ASR: Adaptive Selective Replication for CMP Caches

  • Authors:
  • Bradford M. Beckmann;Michael R. Marty;David A. Wood

  • Affiliations:
  • Microsoft Corporation;University of Wisconsin, Madison;University of Wisconsin, Madison

  • Venue:
  • Proceedings of the 39th Annual IEEE/ACM International Symposium on Microarchitecture
  • Year:
  • 2006

Quantified Score

Hi-index 0.00

Visualization

Abstract

The large working sets of commercial and scientific workloads stress the L2 caches of Chip Multiprocessors (CMPs). Some CMPs use a shared L2 cache to maximize the on-chip cache capacity and minimize off-chip misses. Others use private L2 caches, replicating data to limit the delay due to global wires and minimize cache access time. Recent hybrid proposals use selective replication to balance latency and capacity, but their static replication rules result in performance degradation for some combinations of workloads and system configurations.

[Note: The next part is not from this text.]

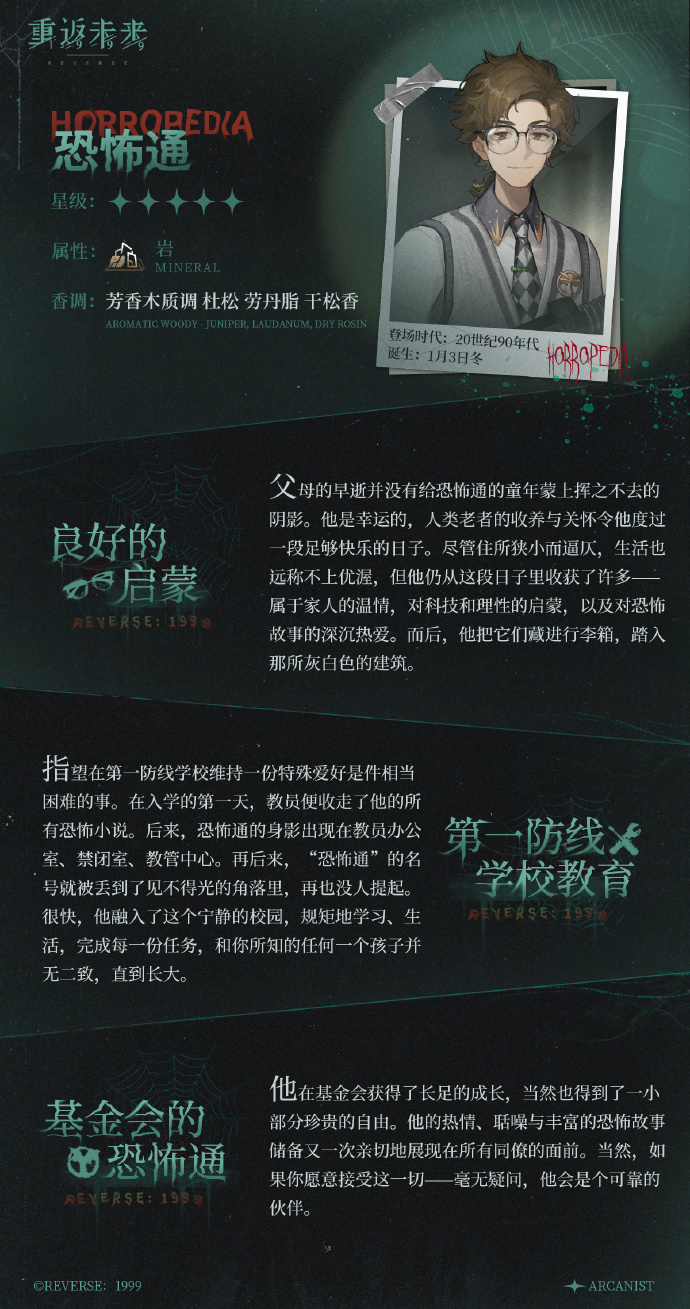 父母的早逝并没有给恐怖通的童年蒙上挥之不去的阴影。他是幸运的,人类老者的收养与关怀令他度过一段足够快乐的日子。尽管住所狭小而逼仄,生活也远称不上优渥,但他仍从这段日子里收获了许多——属于家人的温情,对科技和理性的启蒙,以及对恐怖故事的深沉热爱。而后,他把它们藏进行李箱,踏入那所灰白色的建筑。

This paper proposes Adaptive Selective Replication (ASR), a mechanism that dynamically monitors workload behavior to control replication. ASR replicates cache blocks only when it estimates the benefit of replication (lower L2 hit latency) exceeds the cost (more L2 misses). Full-system simulations of 8-processor CMPs show that ASR provides robust performance: improving performance by as much as 29% versus shared caches, 19% versus private caches, and 12% versus CMP-NuRapid [9] and Victim Replication [41]. Furthermore, while ASR does not improve the performance of all workloads, it provides performance stability by always performing at least comparably to the best alternative including Cooperative Caching [8].